Accordingly the NOAEL for subacute reproduction toxicity is >= 500 mg FeCl2/kg bw/d (equivalent to 220.5 mg Fe/kg bw/d).

 - For FeSO4 one study is available that is fully reliable (Furuhashi 2002) where rats have been orally exposed to up to 1000 mg FeSO4 x 7 H2O/kg bw/d following OECD TG 422 and GLP.

No effects on oestrous cycle were seen, all 12 pairs of each dose group copulated successfully (copulation index 100%) and all females except one female became pregnant (fertility index: 100). The gestation index was 100% for all dose groups and no adverse findings on the offspring viability was seen. No significant changes between treatment groups and controls were observed (number, number of stillbriths, numbers of live pups on day 0 of lactation, sex ratio, delivery index, birth index, live birth index, general signs, number of live pups on day 4 of lactation, viability index on day 4 of lactation, external observation, body weight change, necropsy findings). Accordingly the NOAEL for subacute reproduction toxicity is >= 1000 mg FeSO4 x 7 H2O/kg bw/d (equivalent to 200 mg Fe/kg bw/d).

 - FeClSO4: no studies are available for this endpoint. Accordingly a read across is applied from FeCl3 and FeClSO4 is deemed not carcinogenic.
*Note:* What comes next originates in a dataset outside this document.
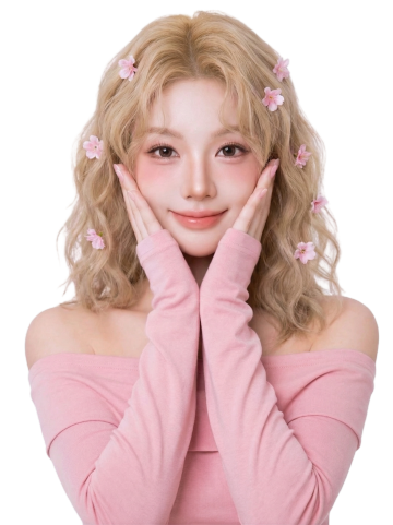 一张特写人像摄影,柔和的光线从左上方照射,营造出温馨梦幻的氛围。画面中女性闭着双眼,面部肌肤白皙细腻,脸颊和眼角点缀着精致的粉色花瓣、小巧的珍珠和闪亮的水钻装饰,形成自然散落的美感。她的妆容变换为冷调烟熏妆,眼窝处用深灰色和银色眼影晕染,眼线细长上扬,睫毛浓密卷翘,唇色改为哑光正红色,凸显冷艳气质。她的手轻轻托着脸颊,指甲变换为黑色磨砂底搭配银色几何线条和菱形水钻的美甲样式,指尖还点缀着小巧的金属链条装饰,整体造型融合了冷艳与精致的风格,背景中散落着透明的蝴蝶装饰,增添灵动飘逸感,画面整体色调在保持柔和光线的同时,通过妆容和美甲的冷色调形成对比,突出变换后的妆造主题。

 • human data: No human data available for this endpoint

 • general: Only for FeCl2 and FeSO4 reliable studies (conducted according to OECD TG 422) are available. For reproduction effects only systemic effects are relevant. As the bioavailability of ferrous iron is assumed to be higher than that of ferric iron, a read across from these two substances to the ferric salts of this category is deemed valid and conservative. For both substances no adverse effects were seen at the highest tested dose levels where moderate to strong parental toxicity was already present. Based on the available data it can therefore be assumed that the iron salts of this category are not reproductive toxicants. The lowest NOAEL with regard to iron based on these studies would be >= 200.9 mg Fe/kg bw/d.

Dermal

No study is available for any member of the iron salt category.

Inhalation

No study is available for any member of the iron salt category.

Intravenous injection

Supporting studies similar to OECD TG 414 using Iron(III)-hydroxide sucrose complex and Ferric carboxymaltose (NN 1999, study no. VFR026/983656 and NN 2000, study no. VFR049/004349, respectively) are available.
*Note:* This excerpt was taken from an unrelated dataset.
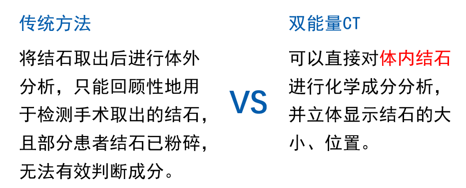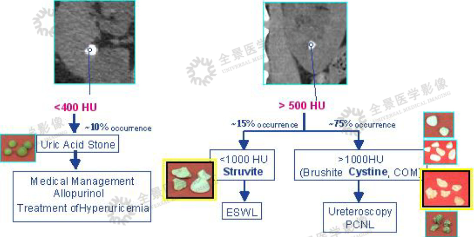 双能量CT可将尿酸结石和其他类型的肾结石区分开来:

Pregnant rabbits were treated intravenously with iron sucrose at the doses of 3, 6.5 and 13 mg Fe/kg /day from day 6 to 19 of pregnancy. The animals were sacrificed on day 29. The highest dose of 13 mg/kg bw was considered as MTD due to the severity of local irritation. Animals of group 1, 2, 3 and 4 were treated daily with i.v. infusion of test substance or control on day 6-19. Following completion of treatment of the first 5 animals of group 4 the remaining 17 animals and additional 22 animals were assigned to two subgroups designated for treatment on alternative days. This was done in response of the marked local irritating effect of the test substance in group 4. After sacrifice section was performed on dams and fetuses. Five rabbits from dose group 3, 4, 4a and 4b aborted after a short period of body weight loss. Aborting animals showed changes including accentuated lobular pattern in liver, swollen spleen, enlarged kidneys. One moribund animal of group 4 was sacrificed after heavy weight loss and reduced food intake. Necropsy revealed also changes in liver, spleen and kidneys, additionally to fetus resorption. In group 4 food consumption was reduced by 23-47 %. In fetuses dilatation of umbilical artery was observed in group 4a. Other treatment related abnormalities were found in group 3, 4a and 4b (fluid in abdomen). Malformation observed in treatment groups included fused sternebrae and vertebrae, and misaligned vertebrae. Since bw gain was unaffected in the individual females that delivered the affected fetuses and therefore these results are assumed not secondary to maternal toxicity. The fetal incidence of fused sternebrae was 3/121 in group 4b but 0/102 and 0/18 in groups 4a and 4, respectively. There was one occurrence in group 2 and no in group 3. The incidence of fused sternebrae in group 4b is with 2.48% greater than the historical control value of 1.26 % from NZW rabbits performed in the same laboratory. But when treating group 4a and 4b as one group with 223 animals the incidence is with 1.34 % comparable with the historical control value and therefore in the normal range. Misaligned vertebrae were observed in non-dose-related manner in control and treatment groups. These findings lead to the overall conclusion that iron sucrose is not teratogenic in the rabbit under the conditions of this test.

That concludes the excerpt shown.